Miller and those Man Laws
Monday, July 3rd, 2006
Brand: Miller Lite (Miller Brewing Co.)
Execution: TV, Web
Link: Click Here
Target: Men’s men
Rating: **
Reviewer: David
Description:
This campaign features a series of spots set in a glass-encased room in the middle of a warehouse. A group of known and unknown manly-men (including Burt Reynolds, Jerome Bettis, Eddie Griffin, a professional wrestler, a rodeo star and the rock climber who sawed through his own arm with a pocket knife to save himself and others) sit around a conference table. In each spot these uber-men debate and vote on a ‘man law’. One spot concerns the question of dating a best-friend’s ex-girlfriend (okay after six months unless she’s really hot), clinking beer bottles (from the bottom is better) and whether you can bring beer to a party and then take it back (you can take one beer home if it can fit in your pocket - the rest must stay). The website allows Miller Lite Fans to add and edit their own manlaws.
What Works:
These spots are easy to follow and moderately entertaining. There is relatively good branding which improves for the spots which feature the Miller Lite bottles as part of the ‘manlaws’. The most functional part of this campaign is the ease with which new spots can be generated. Each spot is short and involves a single set-up, or two at most. There are no CGI effects or expensive locations. Talent is a concern, but other than Griffin, the rest of the talent comes from the B, C & D-list and the pool is big enough that the ensemble does not rest with a single player. This helps Miller combat the single biggest issue with television advertising - viewer fatigue. Most brands and agencies significantly overestimate the durability of their campaign executions and fatigue consumers with too much exposure. A campaign which allows new spots to be executed cheaply and quickly with no loss in quality is a significant asset for the brand.
What Doesn’t:
In spite of the efficiency of these lean spots, this campaign has serious flaws. The most significant is ownability.
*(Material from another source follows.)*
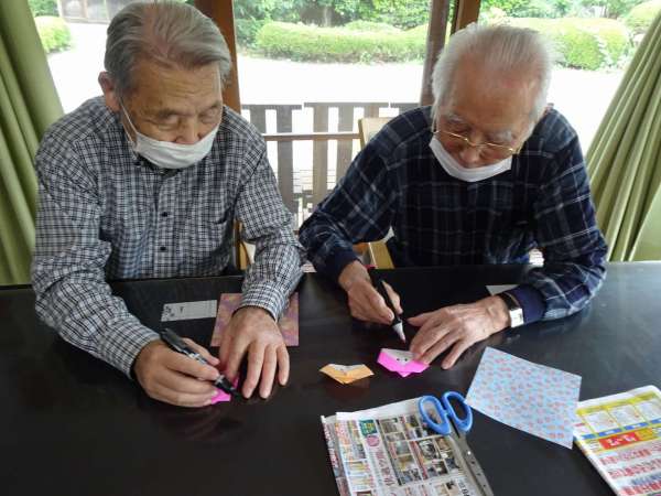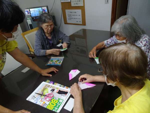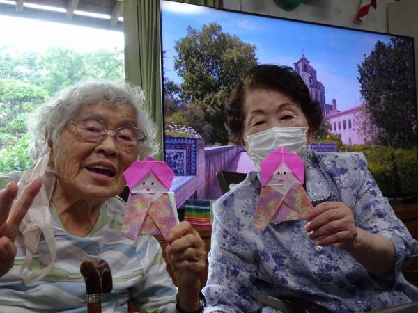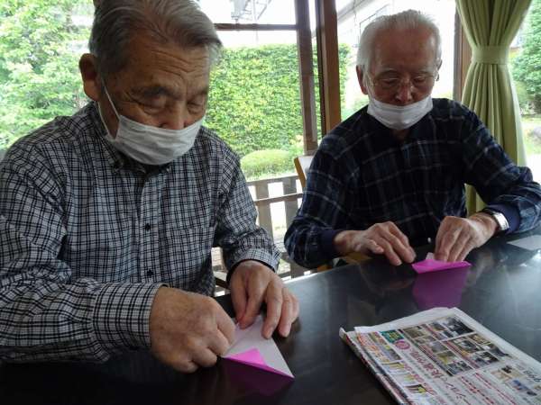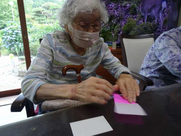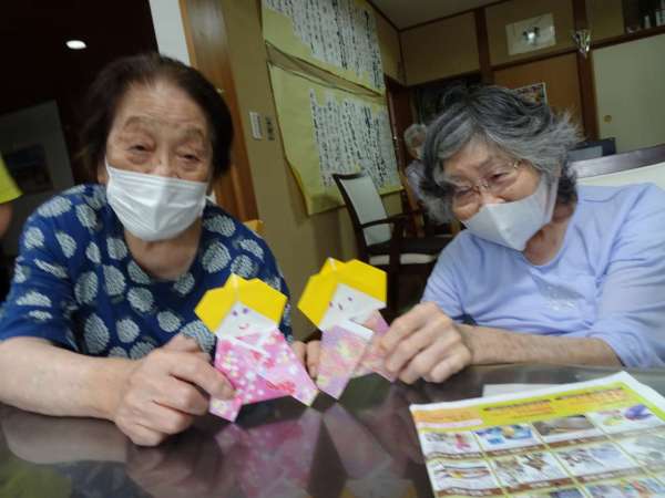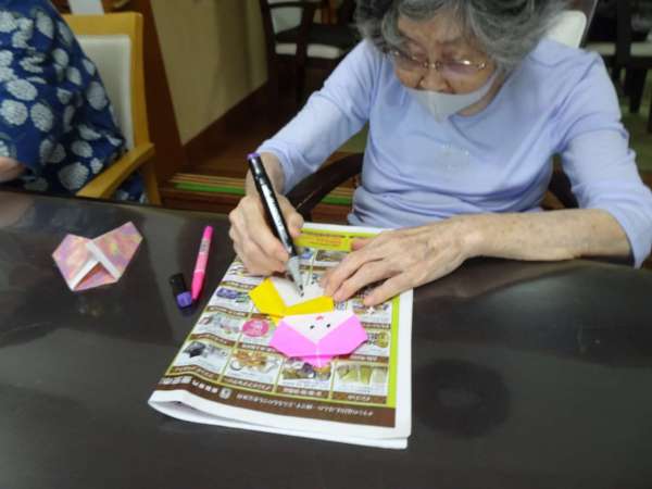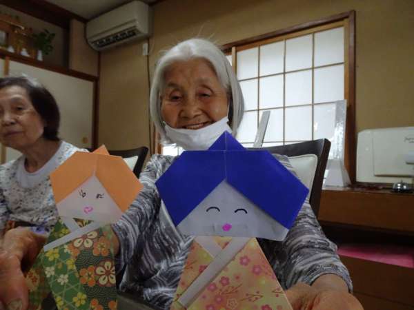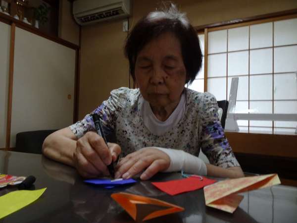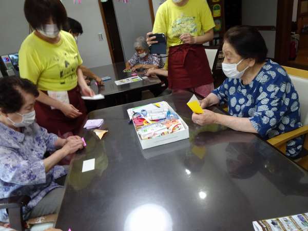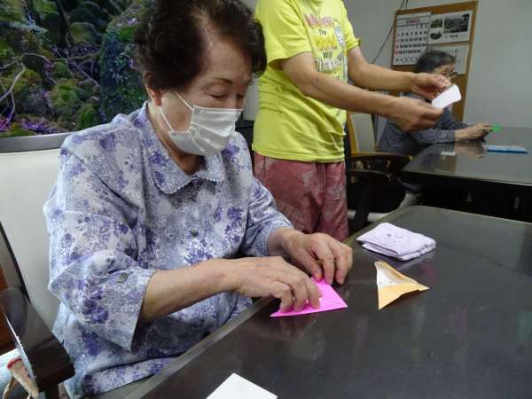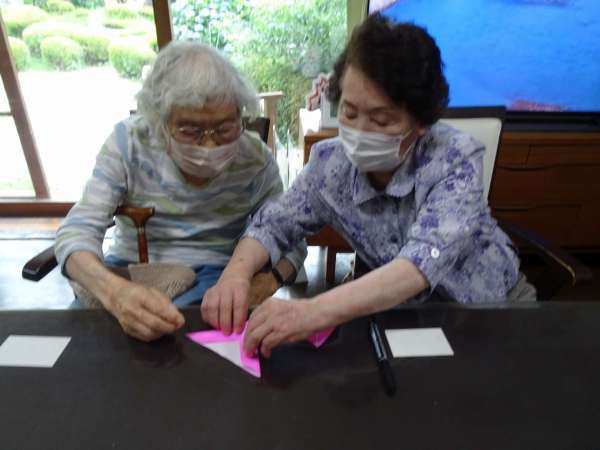 お母様、助け合いながら織姫のお顔を折っていきました
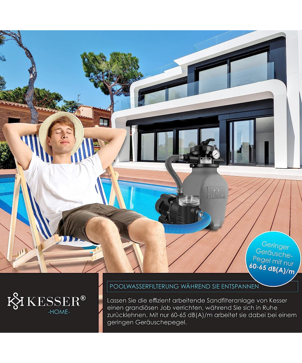 Laissez le système de filtration à sable efficace faire un travail incroyable pendant que vous vous détendez tranquillement. Avec seulement 60-65 dB(A)/m, les installations de filtration fonctionnent à un niveau sonore très faible. Profitez d’une filtration professionnelle de l’eau de votre piscine avec ce puissant système de filtration à sable

There is absolutely nothing that ties Miller Lite uniquely to these ‘manlaws.’ In fact the campaign struggles to establish universality for the manlaws and in doing so eliminates the possibility of ownability for Miller. The practical effect of this is that even if Miller Lite has enough branding to ensure that related recall for these spots is reasonable, the campaign does not build the brand in the longterm, only (possibly) the category. Relevance is another serious issue. Why does the existance of the manlaws council interest us in Miller Lite? It certainly puts a masculine cast on Lite beer, but it never convinces us that Miller is uniquely masculine among lite beers nor does it give us any other good reason for sticking to Miller Lite. This advertising blog has criticized many of the campaigns in the beer genre (with the notable exception of Miller High Life) and this advertising falls squarely into that undistinguished company.
Branding Bottom Line:
Miller gives men just what we need - more rules. Still, any company that hires the guy who cut through his own arm to save himself can’t be all bad.